An insightful new article was posted today on the blog of Dreyfus & associés, concerning the effects of a Brexit on trademarks and patents.
The consequences of a Brexit on trademarks and patents
-“If ever there were to be a “Brexit”, both British and European intellectual property title holders would suffer alike.” –
On June 23rd, 2016, UK citizens will vote on whether or not to remain part of the European Union. In case of a Brexit, the United Kingdom will have to leave the European Union within the next two years.
Whilst we are currently witnessing a harmonization of European patents and trademarks, a Brexit would have a significant impact on intellectual property law in Europe. If ever there were to be a “Brexit”, both British and European intellectual property title holders would suffer alike.
What are the implications for trademark owners?

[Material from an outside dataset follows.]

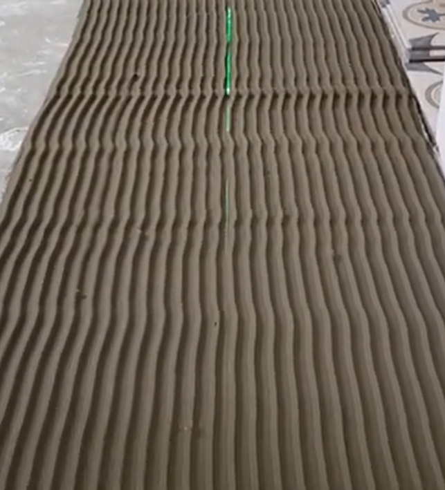 Khi dùng bay răng cưa và keo dán chuyên nghiệp, lúc gạt vữa bằng bay răng cưa tạo nên các rãnh nhỏ trên bề mặt chất kết dính, như vậy sau khi đặt gạch vào thì vữa dán sẽ lấp kín bề mặt sau của gạch, giúp gạch được bám chắc hơn trên nền, không bị bộp gạch và bung vỡ gạch sau này.

The new EU Regulation No 2015/2424 regarding Community trade marks, which entered into force on March 23rd this year, brought about certain amendments; in particular, it changed the term “Community trade mark” to “European Union trade mark”. The European Union trademark, the only one of its kind in existence for the protection or trademarks across 28 member States of the European Union, will be significantly affected if a Brexit were to occur. In fact, the Regulation will no longer have any legal effect in the United kingdom.
The current holders of European Union trademarks would lose their rights to a trademark in the United Kingdom. Entities wishing to register a European Union trademark would not benefit from the automatic protection of their trademark in the United Kingdom. Consequently, they would need to file two trademark applications: one for the European Union trademark before the EUIPO and a specific application in the United Kingdom before the IPO. An application therefore may be a domestic one but can also be made on the basis of an international trademark.

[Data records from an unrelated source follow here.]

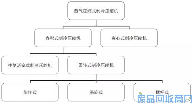 3)目前常用的压缩机主要有活塞式压缩机、涡旋式、螺杆式以及离心式压缩机。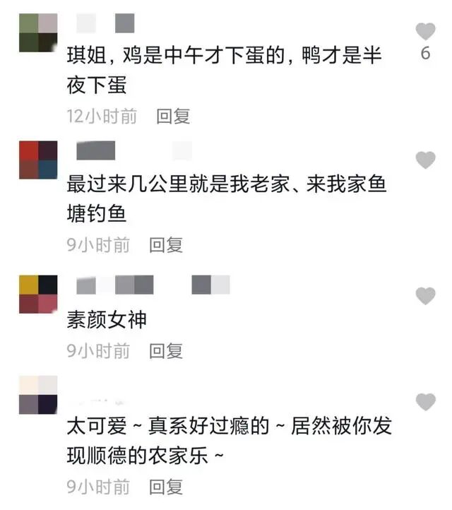 网友看了麦家琪晒出的视频,有人告诉她小鸡到了中午才会下蛋,还有的网友称赞她是素颜女神。也有网友表示自己老家离这个农家乐很近,欢迎她到自己家来钓鱼。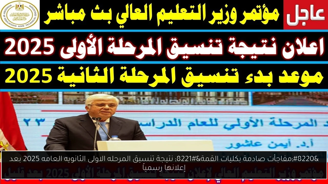 “مفاجأت صادمة بكليات القمة” نتيجة تنسيق المرحله الاولى الثانويه العامه 2025 بعد إعلانها رسمياً
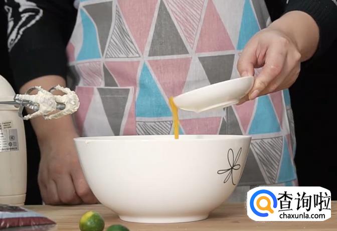 再向碗中打入糖粉,打至发白蓬松。

In order to appease potential case law divergence, Council Regulation (EC) No 40/94 of 20 December 1993 on the Community trademark (CTM), imposed an obligation on each Member State to designate courts at both first and second instance who would have jurisdiction in cases of community trademark infringement. In the event of aBrexit, the European Union trademark courts in Britain would no longer have that jurisdiction.
What are the consequences for patents?
On the one hand, if Britain were to eventually leave the EU, the European patent with unitary effect would no longer apply to the United Kingdom given that one of the conditions of the effect, is to be a Member State.

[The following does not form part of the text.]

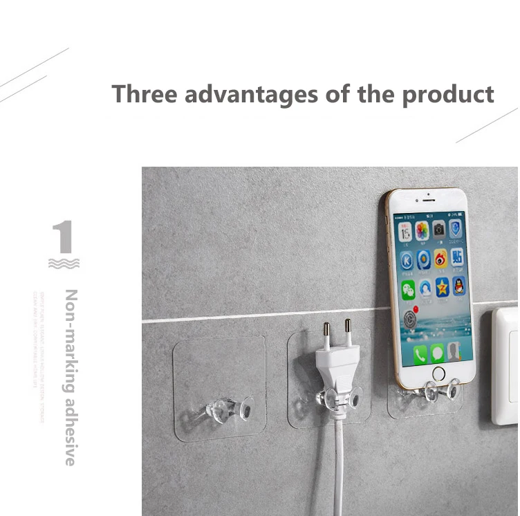 WIKHOSTAR 13510 шт сильный клей крючки стены клейкая вешалка Мощность штепсельная Вилка для хранения розетка настенный держатель прозрачные крючки

Despite this, there are two possible scenarios for the Unified Patent Court (UPC) if the British vote in favor of a Brexit. The first, is the setting up of the UPC without the United Kingdom being part of it. The second and less likely scenario, is that the United Kingdom’s exit from the European Union in turn, prevents the implementation of the JUB.
For the UPC to be set up, the agreement signed by 25 countries had to be ratified by at least 13 countries and mandatorily by France, Germany and the United Kingdom. Italy would therefore replace the United Kingdom since it is the country with the highest number of valid European patents in 2012 after Germany, France and the United Kingdom. An addendum to the agreement will therefore be required. Even where the United Kingdom did leave the EU, it is unlikely that this would prevent the setting up of the UPC: rather, its entry into force would be simply delayed throughout the EU.
What are the consequences for trademark and patent licenses?
The jurisdiction covered by licenses for intellectual property rights will also be affected if the United Kingdom leaves the EU. This is an issue of contract interpretation. Parties should ensure that licenses still cover the same territory and thus include the United Kingdom. This also applies to co-existence or franchise agreements.
A change to the principle of the exhaustion of rights
Moreover, we must not forget that if the United Kingdom leaves the EU, the scope of the exhaustion rule would also be amended. According to the exhaustion doctrine, goods can freely move across the territory of the EU or the EEA after an initial trading in the market made by the rights holder or with his consent. Consequently, the owner of a trademark or patent would not be able to oppose the use of any patent or trademark for goods which have been traded for the first time in the EU or EEA with his consent. If the UK were to leave the EU as well as the EEA, trademark and patent owners could prohibit the export of UK goods to Europe and vice versa.
Transitional Mechanisms for European trademarks
In order to ensure the protection of existing EU trademarks, the implementation of transitional mechanisms is essential. In light of the uncertain legal consequences, certain companies will register trademarks both on a domestic and European level so as to ensure maximum protection.
At present, it is possible to convert the registration of a European trademark to a domestic one (Articles 112-114 of Council Regulation (EC) No 207/2009) but the above requires a reconsideration of the application process and payment of taxes.
Additional legal consequences
Other legal consequences, going beyond intellectual property can be expected.
By leaving the European Union, the United Kingdom would no longer have a representative in the European Parliament nor in the European Council, and there would no longer be a British judge in the Court of Justice of the European Union (CJEU). EU legislation and the CJEU’s cases would inevitably be affected by a Brexit.
While this is an extreme scenario, alternative arrangements can of course be considered, such as the negotiation of special arrangements through the European Economic Area (EEA), the European Free Trade Association (EFTA) or the World Trade Organisation (WTO).